The problem, as I understand it:

a) Make a node that links to itself.
b) Index that node.
c) During indexing, links in the text of the node being indexed, linking to other nodes, cause the linked-to node to be added to the search_node_links table and to be marked for reindexing.
d) This shouldn't happen if the link is to the node being indexed, but under the old code, it was.

grendzy’s picture

StatusFileSize
new2.77 KB

jhodgdon, thanks for the clarification! Here's an updated patch that tests for the bug itself. This test will now fail without the patch to search.module.

catch’s picture

StatusFileSize
new2.1 KB

Uploading just the test from #18 so testbot can fail it.

Status: Needs review » Needs work

The last submitted patch, 569536_search_twice.patch, failed testing.

catch’s picture

Status: Needs work » Reviewed & tested by the community

Patch looks good so #18 is RTBC.

mradcliffe’s picture

1 week, 2 days, patch might be out of date, retesting.

#18: 569536_search_twice.patch queued for re-testing.

jhodgdon’s picture

Just to clarify, #19 is catch just uploading the test so we could verify that the test fails without the patch (which it did). #18 is the patch that should be committed (which passes tests).

dries’s picture

Status: Reviewed & tested by the community » Fixed

Looks good, and glad to see we added tests.
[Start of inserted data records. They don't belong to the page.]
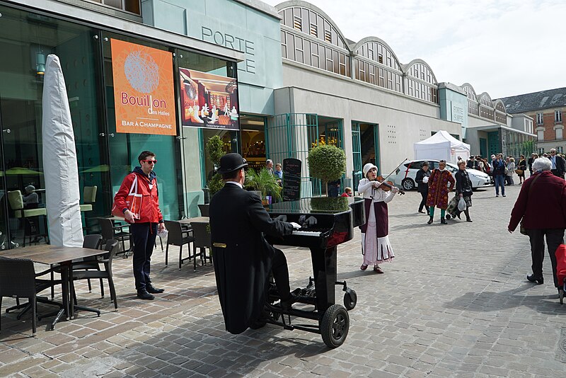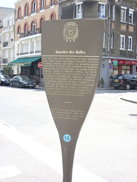 Les Halles ont été conçues à la suite d'un concours d'architecture ouvert en 1922 dans le cadre du plan de reconstruction de Georges B. Ford pour remplacer l'ancien marché détruit pendant la Première Guerre mondiale, alors situé place du Forum. Le projet de l'architecte Émile Maigrot a été retenu par la municipalité le 4 mai 1923 ; la construction, réalisée par l'entreprise Claude Limousin dont le directeur technique était Eugène Freyssinet, s'est déroulée de 1927 à 1929 et a utilisé le procédé de « coffrage-décoffrage sur cintre glissant » adapté à la morphologie du bâtiment. L'ouverture a eu lieu le 30 octobre 1929. L'édifice, qui a résisté à la Seconde Guerre mondiale, a été désaffecté en 1988 pour raisons de sécurité et la municipalité envisageait sa démolition ; une importante mobilisation populaire et l'intervention du ministre de la Culture Jack Lang ont conduit à son classement au titre des Monuments historiques par décret du 9 janvier 1990.
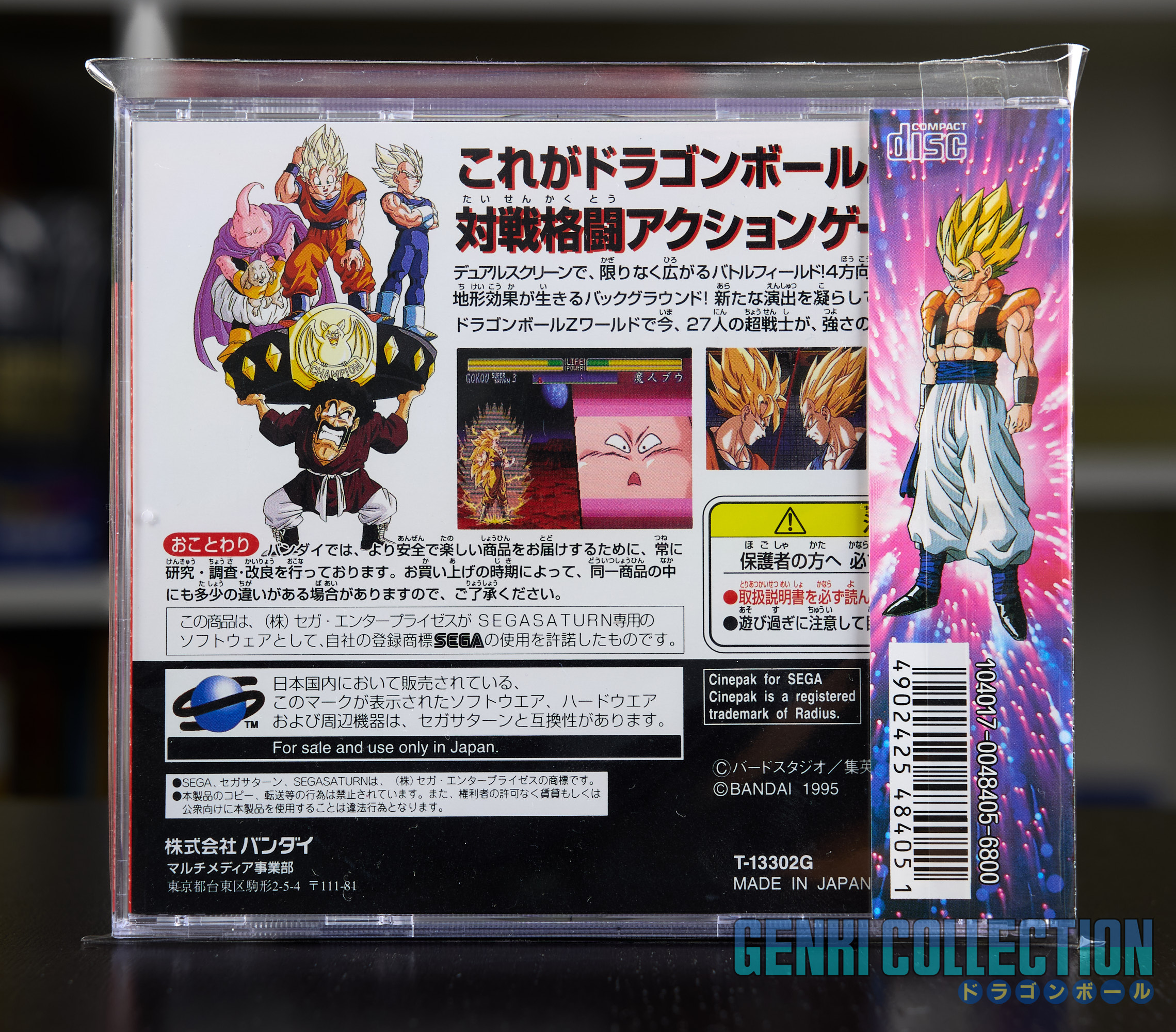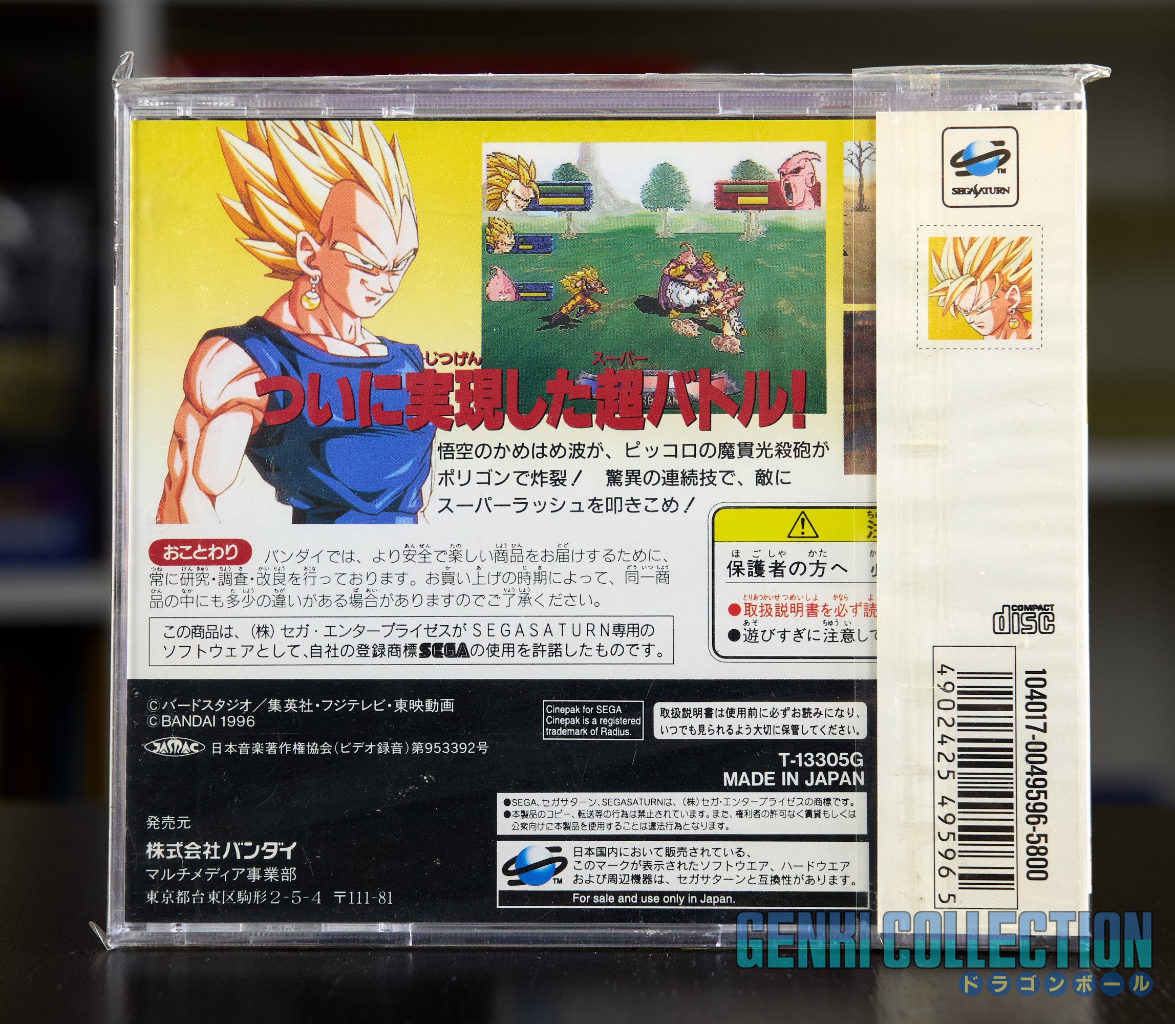 Intégrale en version japonaise des 2 jeux vidéos DRAGON BALL Z sur SATURN, protégés sous cellophane. Jeux en excellent état et complets avec boîtier, CD et notice.
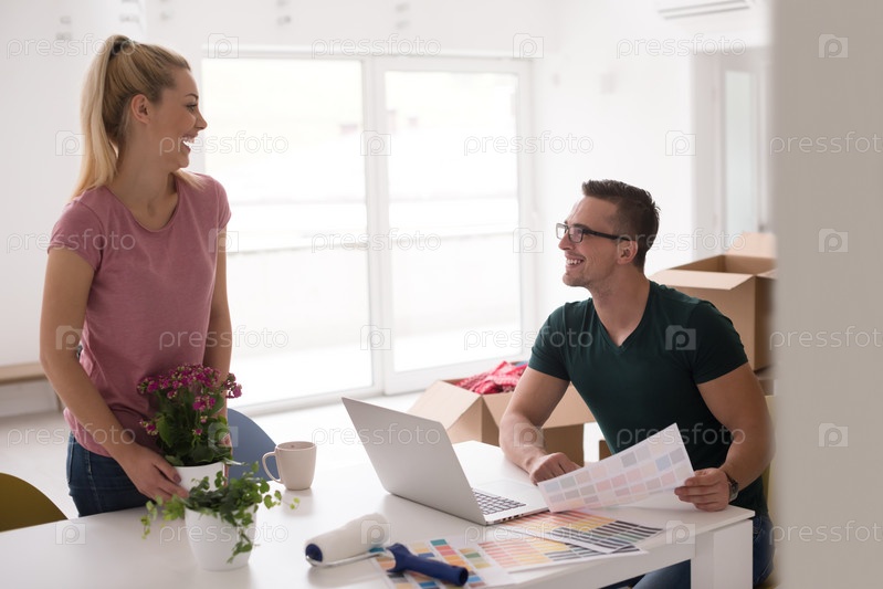 Молодая пара в новом доме

Committed to CVS HEAD.

jhodgdon’s picture

Version: 7.x-dev » 6.x-dev
Status: Fixed » Patch (to be ported)

We should consider this for D6 back-port as well, I think.

dpearcefl’s picture

Priority: Critical » Normal
Status: Patch (to be ported) » Postponed (maintainer needs more info)

Is this issue still needed?

dpearcefl’s picture

Priority: Normal » Major
Status: Postponed (maintainer needs more info) » Patch (to be ported)
jhodgdon’s picture

The fix has not been ported to Drupal 6, so yes, the issue is still needed until a decision is made.

albert volkman’s picture

Status: Patch (to be ported) » Needs review
StatusFileSize
new770 bytes

D6 backport.

jhodgdon’s picture

Please read the help text under attachments. If you name patches like that, the test bot will ignore them. :)

Anyway. I'm not doing search.module maintaining any more, so I'm unfollowing myself from this issue... I don't think anyone is actually maintaining search.module actually. So I apologize if the probable lack of reviews on this issue makes you think no one appreciates your efforts... :(

albert volkman’s picture

@jhodgdon my feelings aren't hurt at all. Just trying to whittle down the number of open tickets!

I named the file like that because it's for D6. I thought that was the standard practice since there aren't tests for D6?

albert volkman’s picture

StatusFileSize
new770 bytes

Renaming so testbot will be happy.

jhodgdon’s picture

Status: Needs review » Reviewed & tested by the community

Wow, looking through old issues...

This fix was carefully tested in 7.x and this is a straight backport of it to 6.x. I think we should consider adding this to 6.x.

jhodgdon’s picture

Version: 6.x-dev » 7.x-dev
Issue summary: View changes
Status: Reviewed & tested by the community » Fixed

Talked with Gabor (the Drupal 6 branch maintainer) and D6 issues are really not being committed unless they're really essential -- we really don't have a test system for Drupal 6 and it's too dangerous. So... putting this back to D7 / fixed.

Status: Fixed » Closed (fixed)

Automatically closed - issue fixed for 2 weeks with no activity.